Кочкарь предался тому глубокому наслаждению, что вдруг овладело им. Он перебирал ивовые розги, длинные, как плеть, тонкие и гибкие, змейкою ползающие в костлявых его руках. Другой палач, толстый, с выпученными глазами, стоял в стороне и глупо улыбался.
Одного стрельца-бугая посадили на ноги Тикшая. Второй держал его голову. Только дрожащие жилы на шее показывали, что было на душе у мордвина. И вот… словно кипятком его ошпарили. Тикшай, скрипя зубами, слушал, как по спине плясали прутья. От каждого удара его тело изо всех сил напрягалось. Бил не сам Кочкарь, а его помощник. Не жалея бил, наотмашь. Но Кочкарь остановил его, лениво начал учить:
— Без души бьешь, друг. Без любви. Так и на хлеб с квасом не заработаешь…
Встал возле Тикшая, осмотрел кровоточащие следы на спине.
— Вот как надо! Учись! — и ударил как-то с присвистом, так не каждый умеет. Сказывались сноровка и многолетнее умение.
Из глаз Тикшая искры посыпались. Он хотел было вырваться, прыгнуть, да где там — стрельцы крепко держали, Кочкарь продолжал хлестать. Прутья размочалились, обломались. Кочкарь новых не взял, хотя они у него под ногами валялись. Старые сунул в ведро с соленой водой, оно тоже рядом стояло. Снова упрекнул своего бугая-помощника:
— Сла-аб ты, друг, не силен сноровкою. Каши мало, видать, ешь. Да ничего… этому делу научишься, оно большого ума не требует…

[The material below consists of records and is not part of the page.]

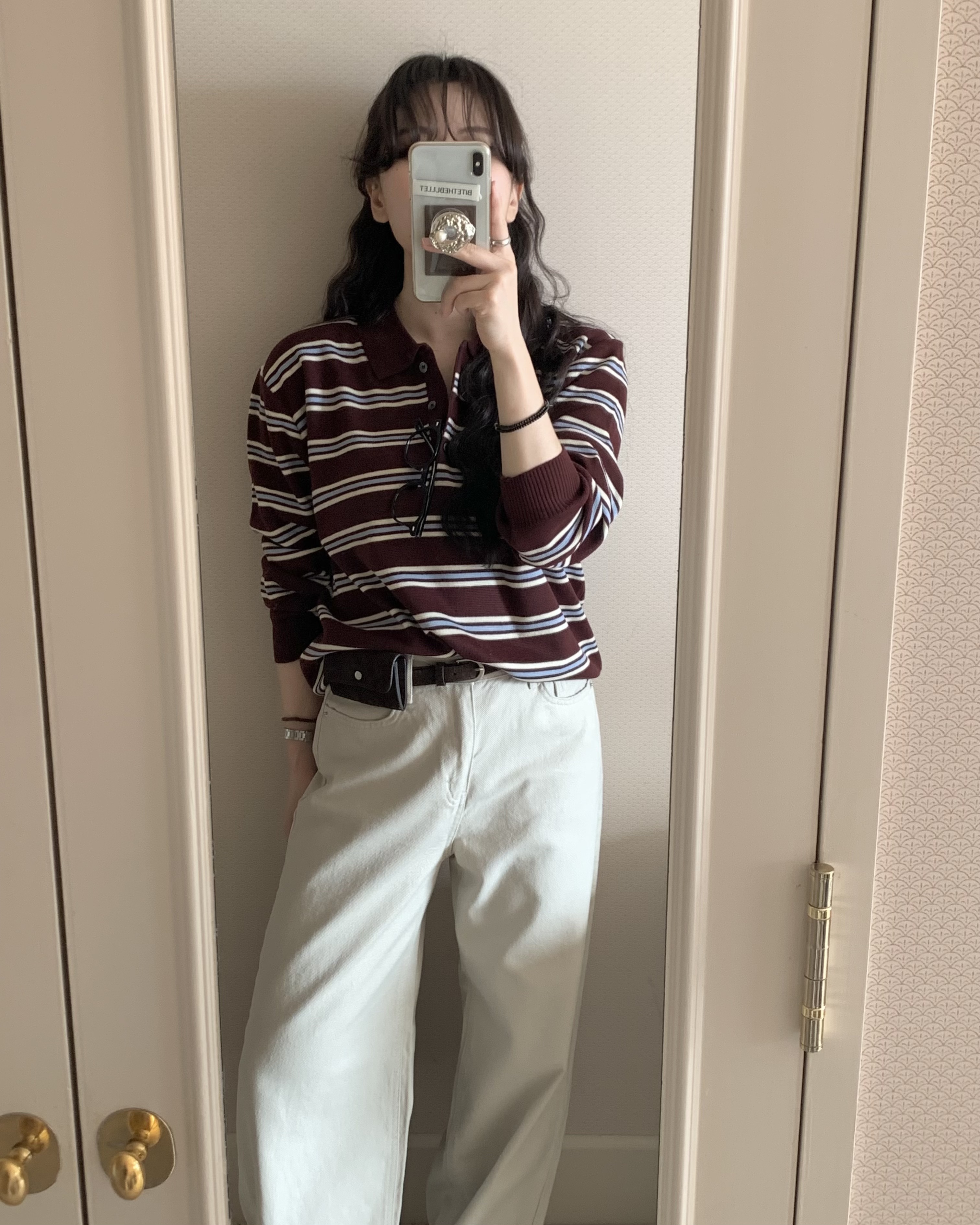 TOP - EMMA STRIPE COLLAR KNIT(BURGUNDY)
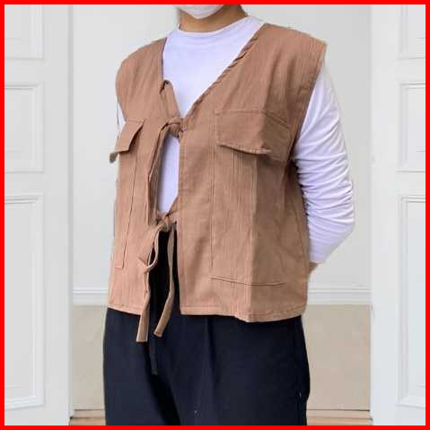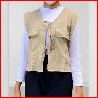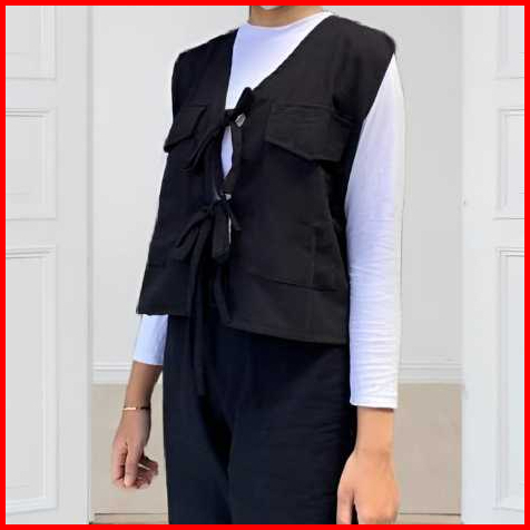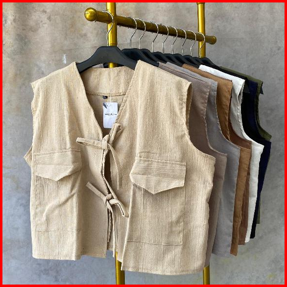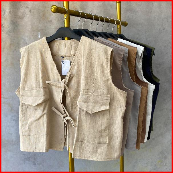 Rompi Wanita Vest Wanita Rompi Pocket Atasan Wanita Size M L Xl Xxl Jumbo Tali Variasi Bahan Linen Reyna Vest
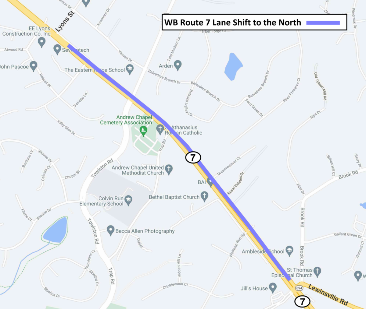 MCLEAN - On or about Dec. 16, drivers on westbound Route 7 will experience a lane shift to the north (away from the median) between Lewinsville Road and Lyons Street. All residences, businesses and other public facilities will remain accessible. Please see the map below for details.
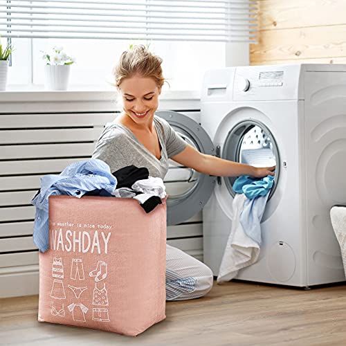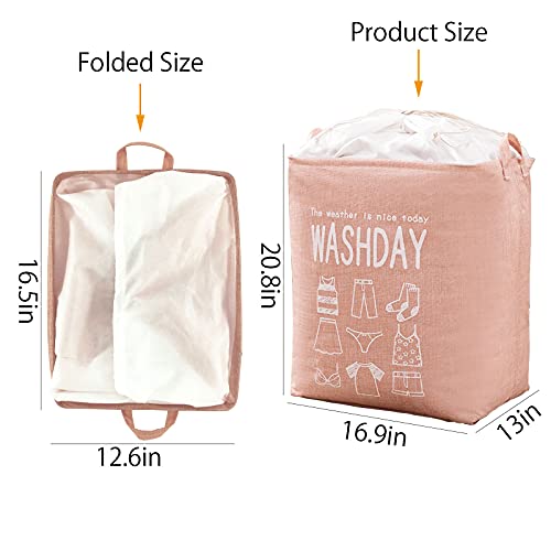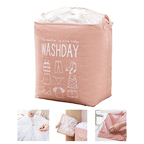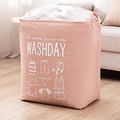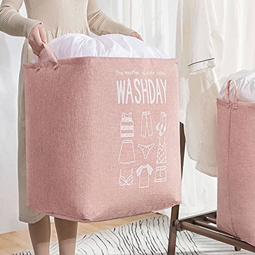 MIPON - شنطة تخزين ملابس غسيل سعة 75 لتر من ميبون، شنطة للملابس المتسخة قابلة للطي ومناسبة للاستخدام في غرفة النوم، سبت غسيل مقاوم للماء مناسب للحضانات، منظم غسيل اساسي للسكن الجامعي (لون بينك)
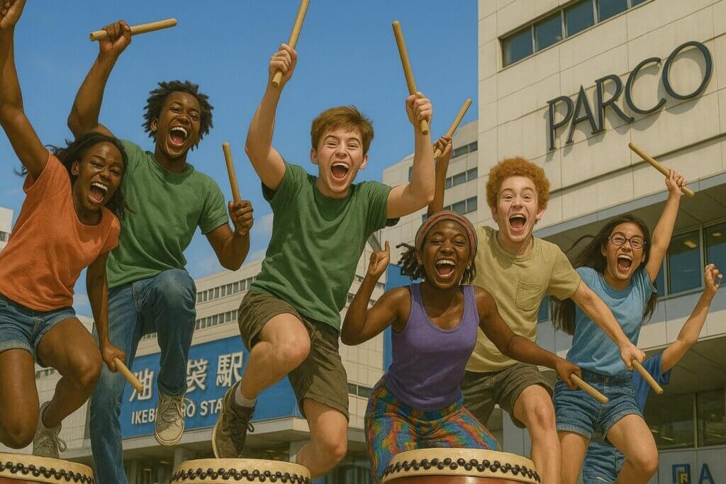 池袋エリアで159名で文化プログラム日本語学校和太鼓体験
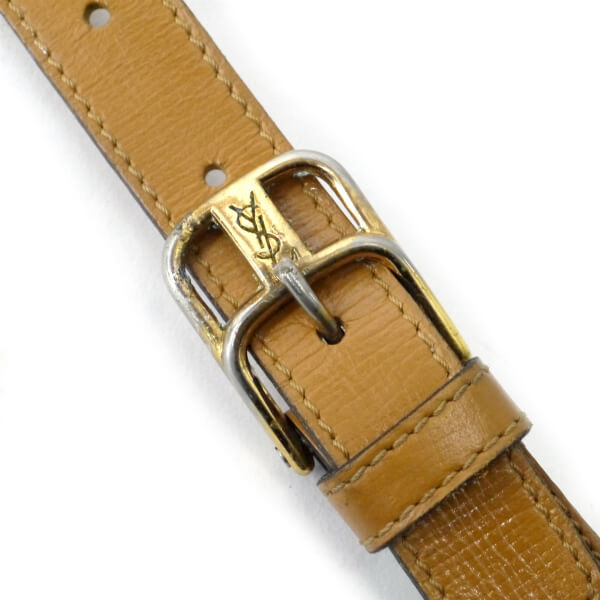 イブ サンローラン バイカラーYSLロゴ横長ショルダー(キャメル/グレー系)
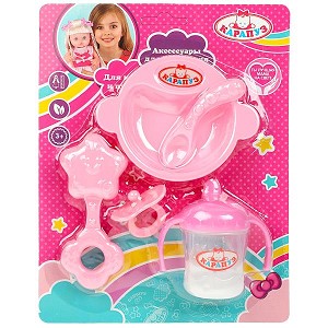 Набор для пупсов и кукол ТМ «Карапуз» 5 в 1: - погремушка - поильник - тарелка - ложка - соска
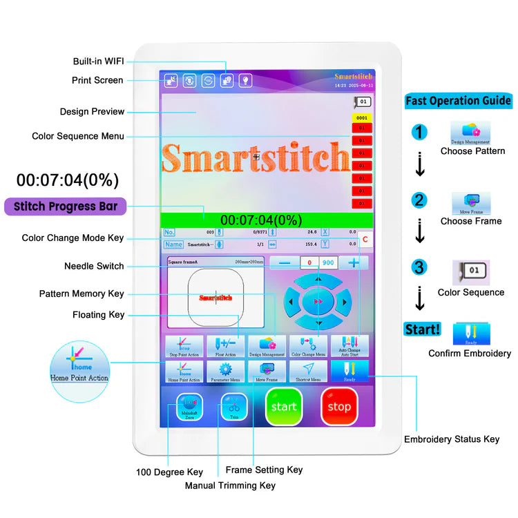 ★ Completed Training and Technical Support: Fear not! Smartstitch provides operation manuals and video trainings to ensure you can get started with our commercial embroidery machine soon. After the purchase, please contact us immediately when you receive the machine, our experienced engineers will help you to use the machine on line, and local technical support is available also.
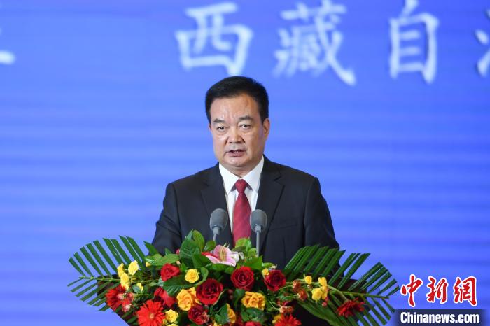 圖為西藏自治區(qū)人民政府主席嚴(yán)金海主持開(kāi)幕式?!∝暩聛?lái)松 攝
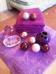 Короче, я бюджетно обновила ванную комнату к новому году: новенькие полотеньчики, коврик, подставка под зубные щекти керамическая, мыльница,
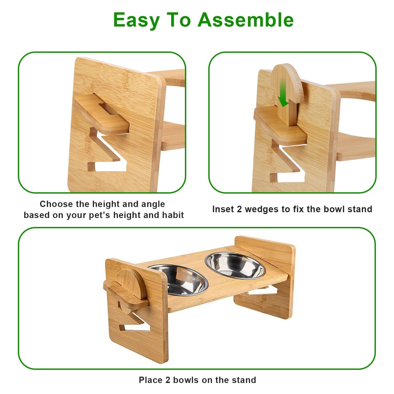 *Easy To Assemble & Store*:No tools needed,our pet feeder is assembled by 5 bamboo boards,which can be easily detached and placed under the feeding platform for easy storage.
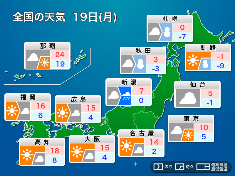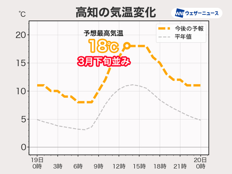 九州や四国では20℃近い所もあり、昼間は冬物の防寒着なしでも過ごせる暖かさになります。
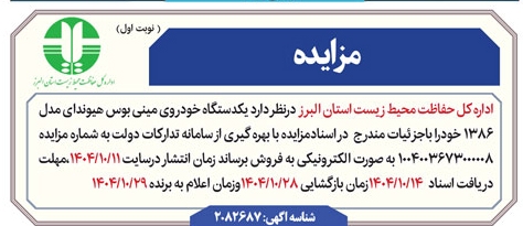 9 دی 1404 شماره خبر: 337805 آگهی مزایده مینی بوس هیوندای 1386 قابل شماره گذاری اداره کل محیط زیست البرز سپیدارآنلاین: گروه مزایده و مناقصه آگهی مزایده مینی بوس هیوندای 1386 قابل شماره گذاری اداره کل محیط زیست البرز شماره 2763 منتشر شد. نسخه قابل چاپ برچسب ها: آگهی مزایده مینی بوس هیوندای 1386 قابل شماره گذاری اداره کل محیط زیست البرز شماره 2763 منتشر شد. مطالب مشابه: آگهی مزایده -کد آگهی شماره 59-97 آگهی مزایده دو دستگاه خودرو اداره کل حفاظت محیط زیست استان البرز روزنامه پیام سپیدار آگهی مزایده شماره 24 - 97 آگهی مزایده فروش دو دستگاه وانت اداره کل حفاظت محیط زیست استان البرز آگهی مزایده شماره 6-97 سازمان ساماندهی مشاغل کرج
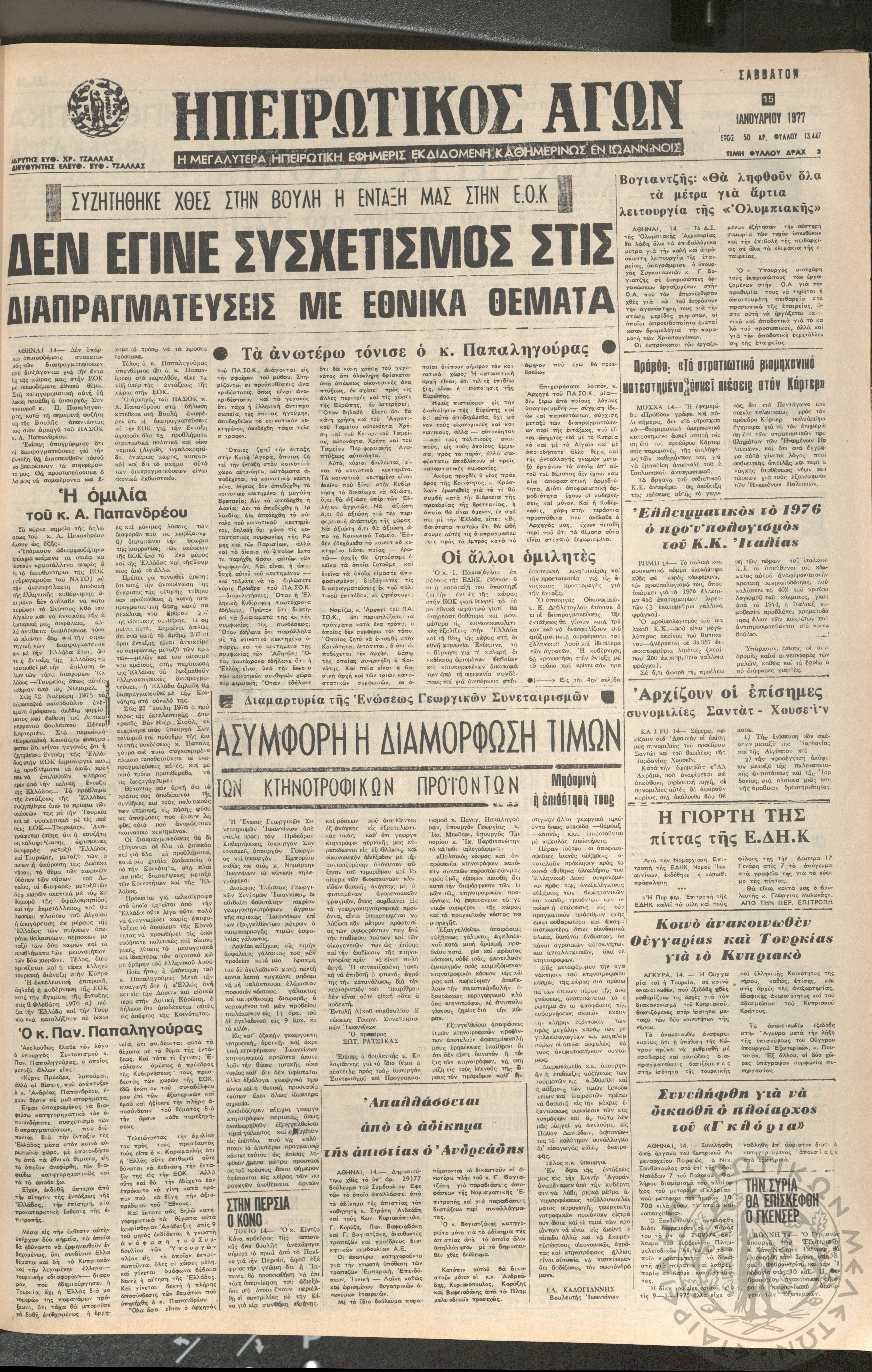 Ηπειρωτικός Αγών: η μεγαλυτέρα ηπειρωτική εφημερίς εκδιδόμενη καθημερινώς εν Ιωαννίνοις 1977 (φ. 13447 )Έτος 50, φ. 13447...
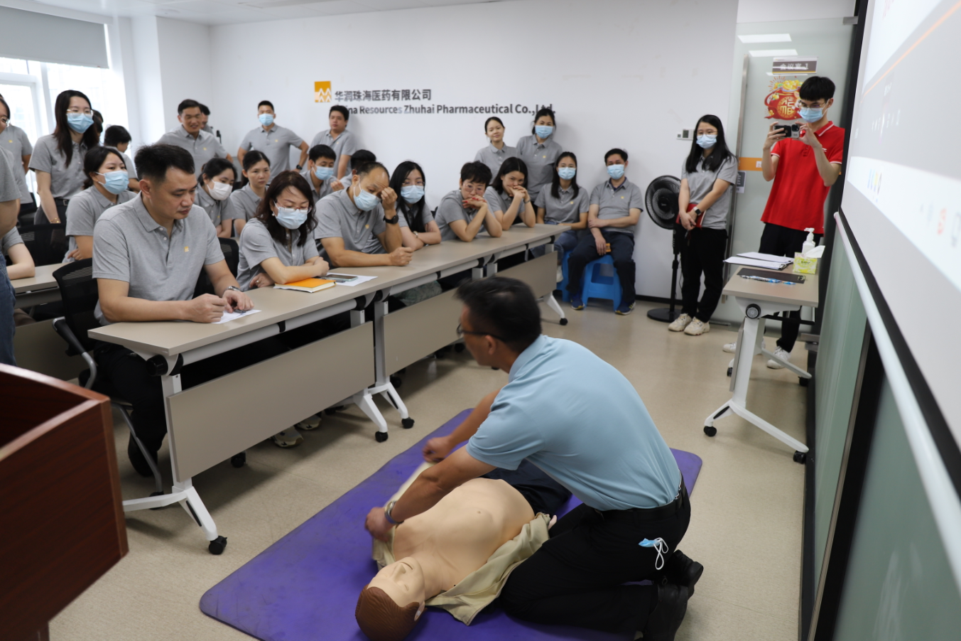 為加強(qiáng)公司的安全生產(chǎn)管理,提高員工的安全意識(shí)和自我保護(hù)能力,2023年華潤(rùn)珠海醫(yī)藥有限公司以“安全生產(chǎn)月”為契機(jī),6月7日,公司組織全體員工舉行消防應(yīng)急演練活動(dòng)。本次活動(dòng)以公司總經(jīng)理為總指揮,設(shè)立搶險(xiǎn)組、警戒組、后勤救護(hù)組等專門小組,分工明確,并邀請(qǐng)專業(yè)的老師作現(xiàn)場(chǎng)消防安全培訓(xùn)及應(yīng)急指導(dǎo)。

Теперь розгами хлестал вдоль и поперек, вперемежку. Удары, как выстрелы из мушкета, рассекали тишину. Тикшай не кричал, не жалобил толпу. Лишь глаза его, уставленные на палача, налились кровью. Тот снова отошел, подскочил и со свистом протянул по спине. И там, где пересеклись два удара, кожа лопнула и обнажилось багровое мясо.
— Пиши и зачеркивай! Пи-ши и зачер-кивай! — приговаривал вошедший в раж Кочкарь. — Мне бы дьяком быть, а не палачом. Дьяком-то лучше — прочитал грамоту и — в сторону.
Стрельцы, стоявшие рядом, зубами скрежетали, чахоточный Алмаз Иванов чесал свой грачиный нос.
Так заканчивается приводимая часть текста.